What if your favorite place to buy a coffee was expected by the state, without being compensated, to sell a new product that may provide a more effective caffeine-fueled energy boost than their specially grown and brewed, traditional coffee beverages? Or, worse yet, what if your favorite coffee place had to carve out shelf space for a product not on the market yet, but will be – maybe, someday? Outrageous, unfair, right? Government can’t make a store sell something – or can it?
The California Air Resources Board thinks the answer to that question is yes. It is on a mission to finalize a rule that would require certain gasoline producers/importers to build and operate as many as 500 hydrogen fuel stations, at a cost to them of over $1 billion. It is called the Clean Fuel Outlets Program and could move forward despite the fact that there are no publicly available, reliable figures as to how many of those vehicles will be on the road in the foreseeable future. The only certainty about this scheme is the costs endured by the gasoline producers/importers inevitably will be passed on to California consumers in the form of higher prices at the pump.
Don’t get me wrong. The excitement and buzz going around about the prospects of new energy sources is exhilarating. I drive a hybrid Honda Civic, and my wife drives a diesel car that can run on used vegetable oil. I was a believer when Gov. Arnold Schwarzenegger proudly signed his 2004 Hydrogen Highway Executive Order proclaiming the start of a new era for clean California transportation. He fantasized that hundreds of hydrogen fueling stations would be built, and those stations would be used by thousands of hydrogen-powered cars, trucks and buses by the year 2010.

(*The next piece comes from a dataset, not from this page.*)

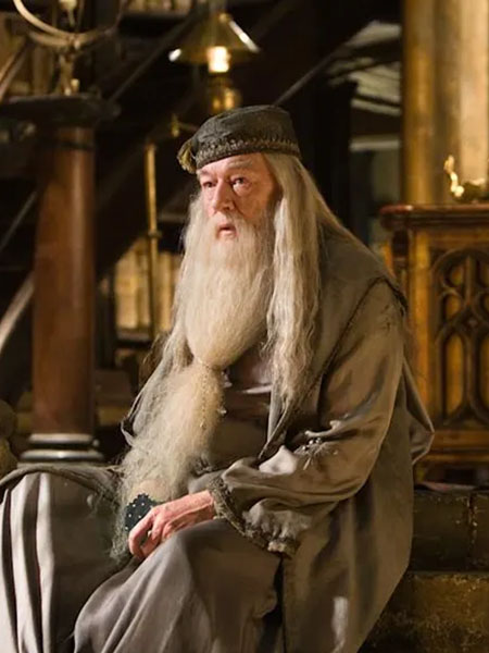 Albus Dumbledore est le célèbre directeur de l'école de magie Poudlard dans l'univers Harry Potter. Dans le film Harry Potter and the Half-blood Prince, il embarque Harry dans une quête terrible qui mènera à sa mort. S'il ne l'explique pas tout de suite à Harry, on sait que ce dernier soupçonne que Voldemort avait créé des horcruxes, des objets dans lesquels il avait placé des morceaux de son âme, ce qui l'empêchait ainsi de mourir et explique pourquoi il a pu revenir. Avant le début du film, ce dernier avait déjà trouvé un premier horcruxe, une bague, qu'il a réussi à détruire mais, ce faisant, a placé sur lui une malédiction qui avait commencé à affecter sa main et, à plus ou moins court terme, allait le tuer. Avant de mourir, il veut donc trouver un maximum d'informations sur ces horcruxes afin d'aider Harry à les détruire.
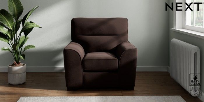 7.2.10 Buy Stamford Highback Armchair Fine Chenille Easy Clean Chocolate Brown Square Angle - Dark from the Next UK online shop Click here to use our accessible website

The number of vehicle manufacturers showing interest in hydrogen technologies indicate that its development is promising. But why should the rest of us subsidize the hydrogen-highway pipe dream of the former governor, his well-heeled friends in Hollywood and other 1-percenters driving $100,000 experimental cars? Realizing Gov. Schwarzenegger’s 2004 futuristic folly should not be justification for infringing on the marketplace’s race to find the best answer to clean and efficient fuels.
As alternative-fuel vehicles come into their own in terms of practicality, reliability and affordability, investment in infrastructure will naturally follow, led by companies that will profit handsomely from that market segment. Left to evolve within the context of the marketplace, new plug-in electric cars and other vehicles that may include those run by hydrogen, stand the best chance of long-term success.
But who knows? Maybe while plug-in and hydrogen cars are improving to the point of attracting widespread consumer acceptance, so will lower-emission gasoline cars. Consider that in 2011, the Obama administration released new fuel-economy standards for automakers that require an automaker’s fleet of cars and light trucks average 54.5 mpg by 2025. In the end, the more fuel-efficient, cleaner-burning gasoline vehicles of the future could leave car buyers little reason to embrace more expensive and exotic technologies. The point is that, at this moment, hydrogen is one of many promising, long-term options for fueling cars and trucks.
CARB’s plan to force conventional fuel companies into paying for hydrogen delivery infrastructure is as fair as your favorite coffee outlet being forced to sell energy drinks to its regular customers. The misguided Clean Fuel Outlets program should be drastically modified before it does real damage to California’s emerging energy-efficient vehicle markets, consumer choice and motorists’ pocketbooks.